Designing a thermal clad PCB requires a thorough consideration of various elements for effective heat dissipation and reliable operation of electronic components. The metal clad PCB specifications and design vary depending on the specific application. Here are some factors that you should keep in mind before designing MCPCB:

1. Material Selection

Material selection is the most crucial part of designing a thermal PCB. You should consider various factors before selecting all the components. The metal core material and dielectric material should be given high priority during the selection process. Aluminum and copper are the two most commonly used metal core materials in the world. Manufacturers can pick any one of them or other materials like stainless steel based on the application’s requirements.

Likewise, you can use different dielectrics to fulfill your needs. Make sure to consider both the thermal and electronic demands of the application before selecting a dielectric material.

2. PCB Size and Shape

The size and shape of the PCB can have an impact on the thermal conductivity and reliability of the PCB. A large PCB with more surface area can dissipate more heat quicker than a small PCB with a low surface area. But the size should also fit the available space of the application.

Usually, square and rectangular-shaped PCBs are preferred because they are easier to manufacture. Square or rectangular-shaped PCBs can easily be stacked, aligned, and processed in automated machines, which increases their output and lowers the cost. They are also easier to assemble and are better for thermal management. 

3. Layer Stackup

In a TCPCB, you should optimize the layer stack up of the board to get efficient heat dissipation. To achieve this, you should place the metal core layer as close as possible to the components that generate high heat.

4. Copper Thickness

The thickness of the copper layer on the top of the PCB can impact the thermal performance of the PCB. If you use a thicker copper layer, it will help in dissipating the heat more efficiently but it will also increase the overall cost of the PCB. So, you should carefully select copper thickness to achieve optimal thermal conductivity without putting much load on the overall cost of the metal PCB.

5. Components Placement

Component placements on the board is another crucial aspect in the designing of the PCB. The components that generate more heat should be placed in the center and near the metal core layer for fast heat dissipation. You should also keep the components that generate more heat away from the sensitive components to avoid any damage.

6. Thermal Pads and Vias

What is thermal pad in PCB and what does it do? Thermal pads and vias can greatly enhance the thermal performance of the PCB. Thermal pads assist in dissipating the heat efficiently by providing a direct path for heat transfer from the component to the metal core. These holes also decrease the thermal resistance between the components and the thermal damage to the components – improving the overall performance of the PCB.

 

7. Traces

Increasing the width of the traces can improve the heat dissipation efficiency of the PCB. So by using more copper, you can enhance the thermal conductivity of the PCB.

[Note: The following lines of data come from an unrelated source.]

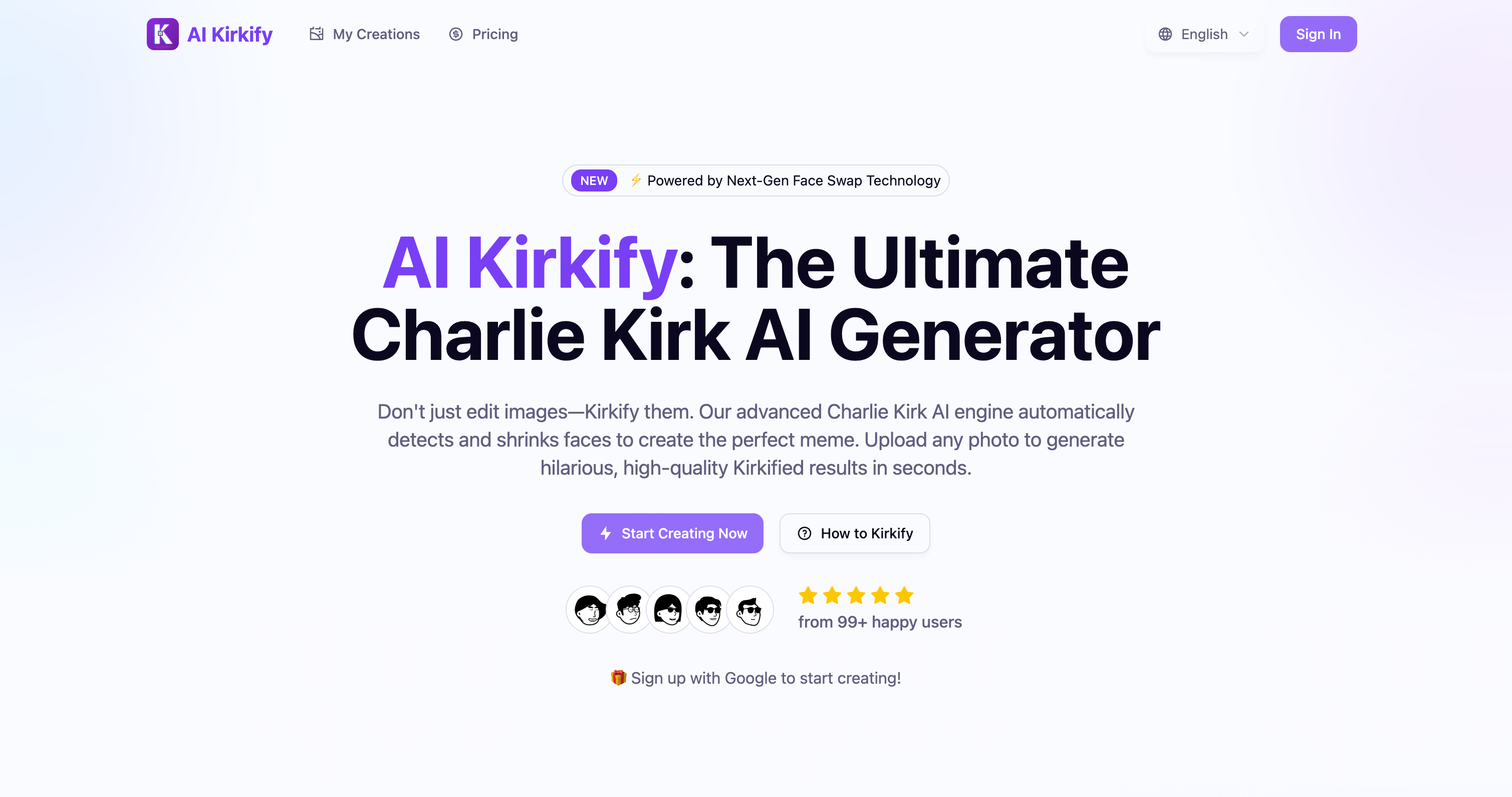 这是一款专门为生成 Charlie Kirk AI风格图片打造的 AI 网站。不仅是简单的滤镜,它通过算法自动识别并重构面部特征,让你能在几秒钟内将任意人像照片完美 "Kirkify"。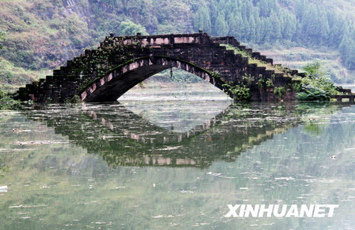 11月2日拍攝的即將沒入水中的述先橋。 隨著三峽工程試驗(yàn)性蓄水繼續(xù)進(jìn)行,位于重慶市云陽縣南溪鎮(zhèn)的述先古橋大部分橋體已沒入水中。始建于1870年的云陽縣述先橋長75米、高14米、寬7.5米,曾是云安鹽業(yè)出川的陸上重要通道。在三峽工程試驗(yàn)性蓄水前,述先橋作為重點(diǎn)文物古跡經(jīng)過反復(fù)論證,最終確定就地加固、防水防蝕修繕入水保護(hù)方案。本次蓄水完成后,述先橋?qū)⑷繘]入水中,今后將隨著三峽工程季節(jié)性防洪水位調(diào)節(jié)而時(shí)隱時(shí)現(xiàn)。本次蓄水是對(duì)橋體承受浸泡力的檢驗(yàn),有關(guān)方面正在密切監(jiān)測(cè)相關(guān)數(shù)據(jù)。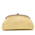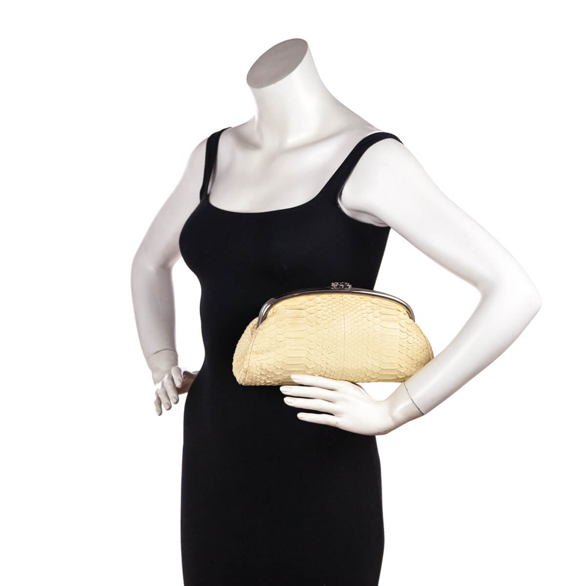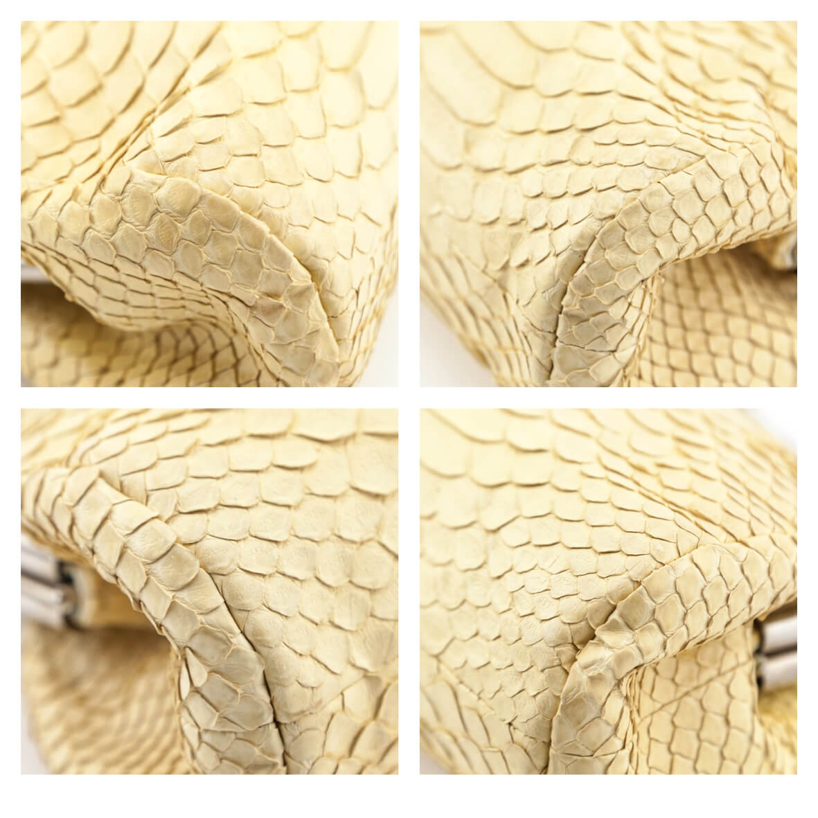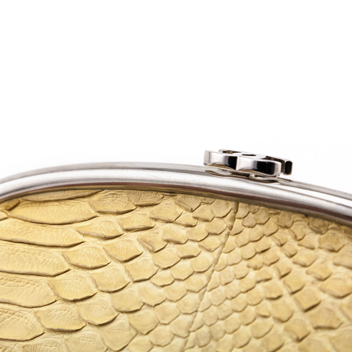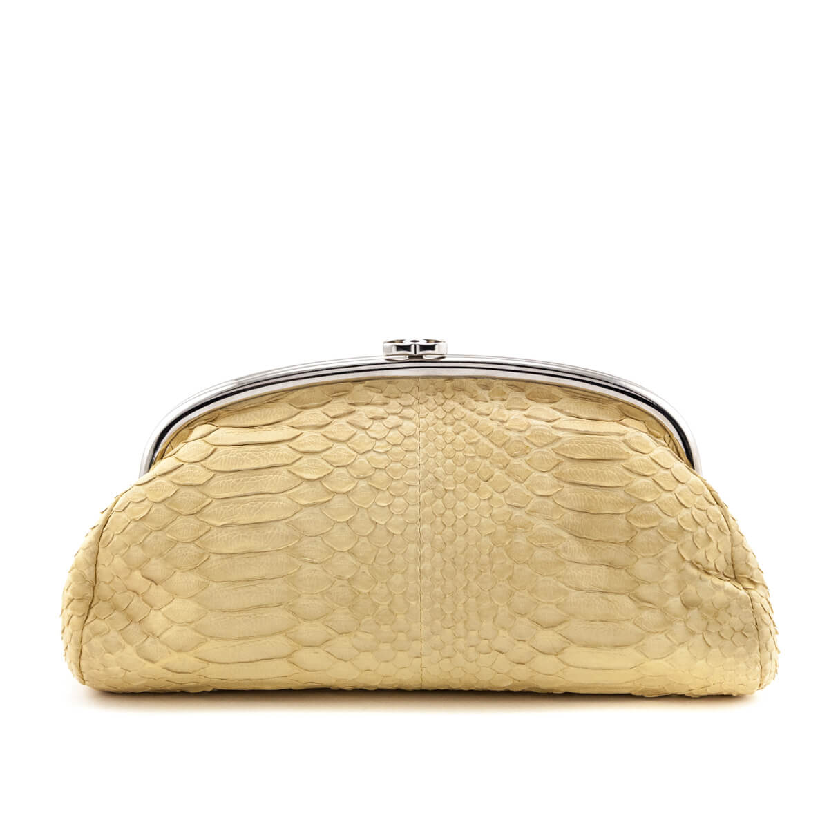 The epitome of uexotic chic, this Chanel Python Timeless Clutch is sure to be the striking addition to your collection of luxury handbags. Composed of a yellow-beige python, this small Chanel clutch amplifies its luxury finish with luminous silver-tone hardware. Featured at the top of the metal upper perimeter frame is a CC clasp, securing your essentials in the interior of this Chanel evening bag, while completing the oversized coin-purse silhouette. The white leather-lined interior features one small zippered pocket at the rear wall, and an engraved logo plaque. Up the ante of your luxury eveningwear with this Chanel Timeless Clutch, fit for an unforgettable night out.

8. Thermal Management Simulation

Before starting the manufacturing process, you must use thermal management simulation software to analyze the working and thermal performance of the board under different conditions. It will help you predict and optimize the thermal performance of the PCB before manufacturing it – saving time and cost in the development process.

 

Thermal Properties of Thermal Clad PCB

The thermal properties of clad PCB are crucial for their efficient performance and reliability. The followings are the most important characteristics of a thermal clad PCB.

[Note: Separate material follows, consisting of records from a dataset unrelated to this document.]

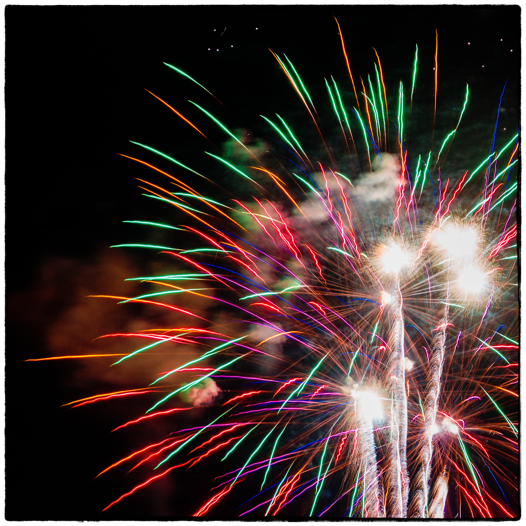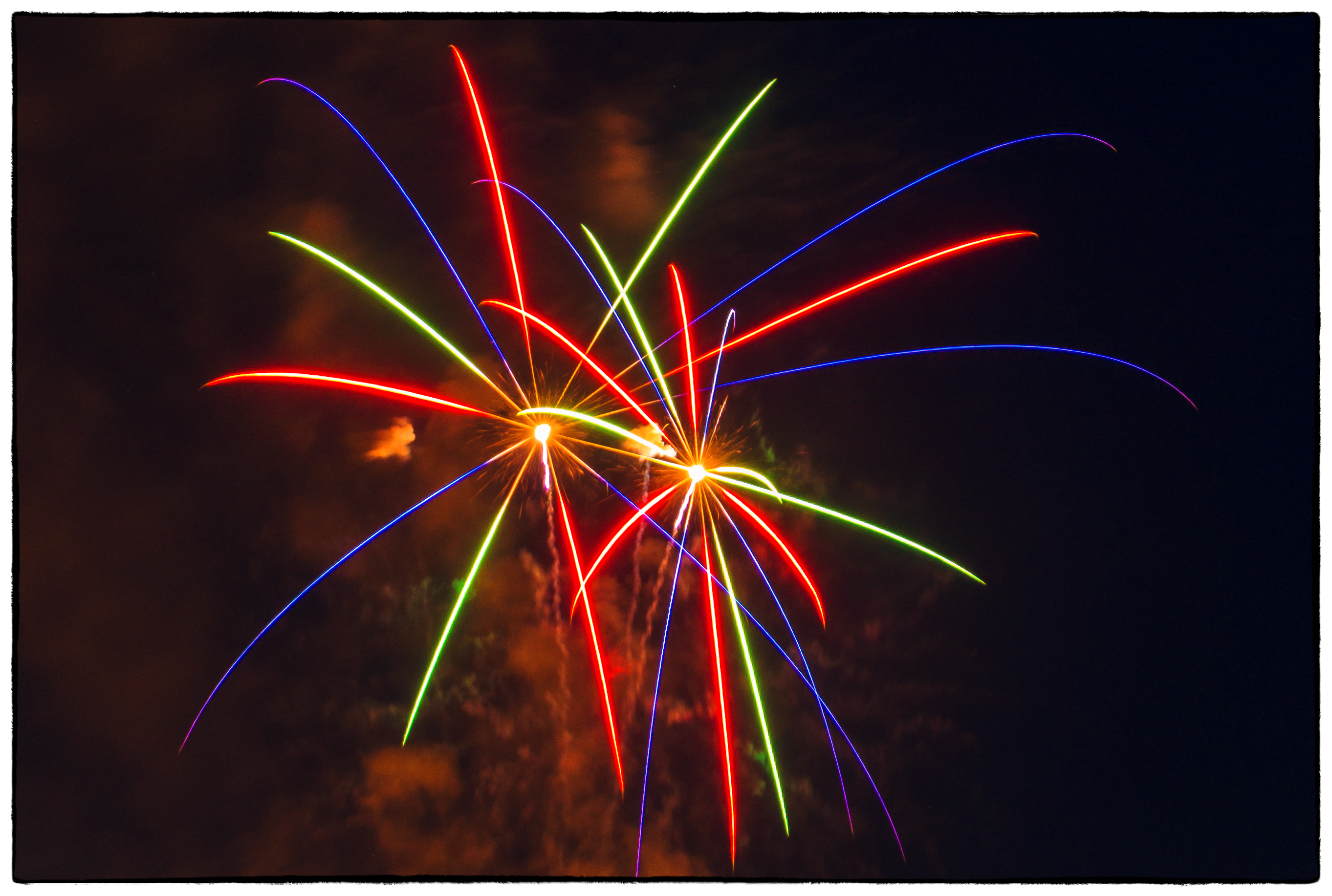 I’d tried taking photographs of fireworks before, but I’d never really prepared properly (merely using whatever camera I had with me). Predictably the results were not particularly good. This time I took a bit more care, bringing along a tripod and a shutter release cord. I’m much happier with these.
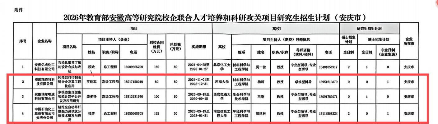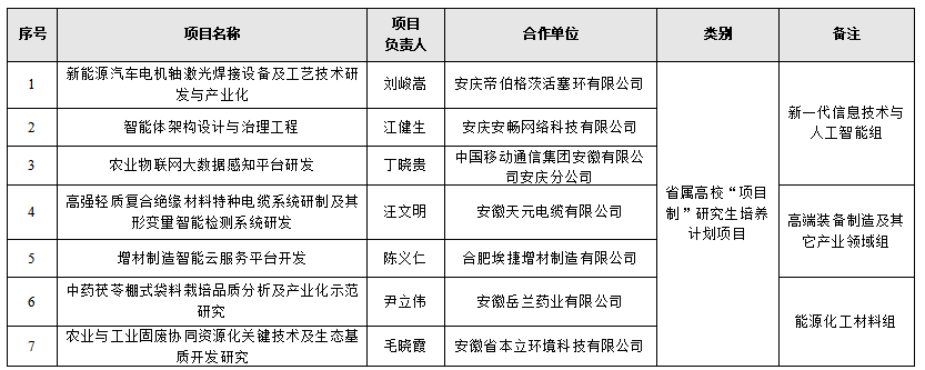 学校7个科研团队获批省教育厅“项目制”研究生培养计划,紧密对接安徽“1188”现代化产业体系,分布于新一代信息技术与人工智能、高端装备制造、能源化工材料三大领域,项目依托安庆帝伯格茨活塞环有限公司等7家企业开展,着力推动高层次人才供给、关键技术攻关与科技成果转化一体化发展。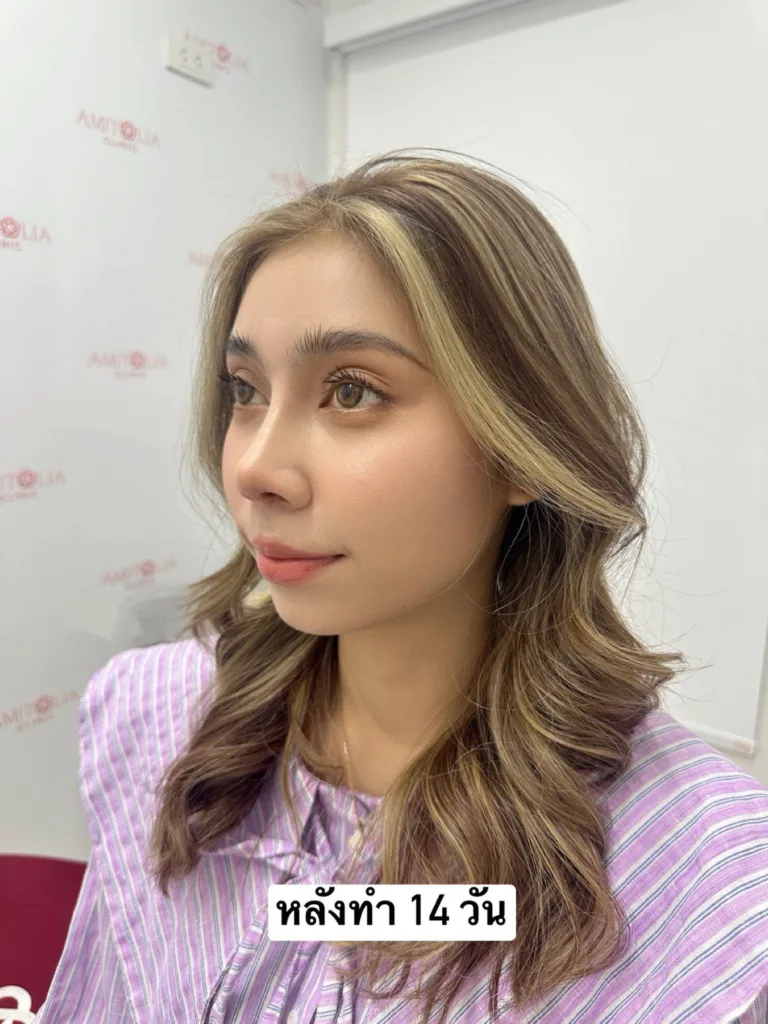 หลังทำทันที สันจมูกดูคมชัด หน้าตรงไม่ดูแบน ดูมีมิติมากขึ้น ทรงรับกับใบหน้า

1. Thermal Resistance & Impedance

What is thermal resistivity and thermal impedance of metal PCB? The thermal resistance of metal clad PCB & the thermal impedance of metal PCB determine how much the PCB resists the flow of heat. The thermal conductivity of the metal core layer, dielectric material, and the thickness of each layer affects the thermal impedance of the thermal clad PCB. The lower the thermal impedance of the PCB, the more quickly it will transfer the heat away from the components generating heat.

2. Thermal Conductivity

Thermal conductivity determines the capability of a material to conduct heat away from the heat-generating component. The metal core material and the dielectric material tell the thermal conductivity of thermal clad PCB. A copper core thermal PCB has a higher thermal conductivity than an aluminum core thermal PCB, which means it will dissipate the heat more efficiently.

3. Thermal Expansion

This property is a measure of how much a certain material will contract or expand with the temperature changes. The thermal expansion coefficient (CTE) of a thermal clad PCB depends on the CTE of components used in the PCB, mainly the metal core and dielectric material.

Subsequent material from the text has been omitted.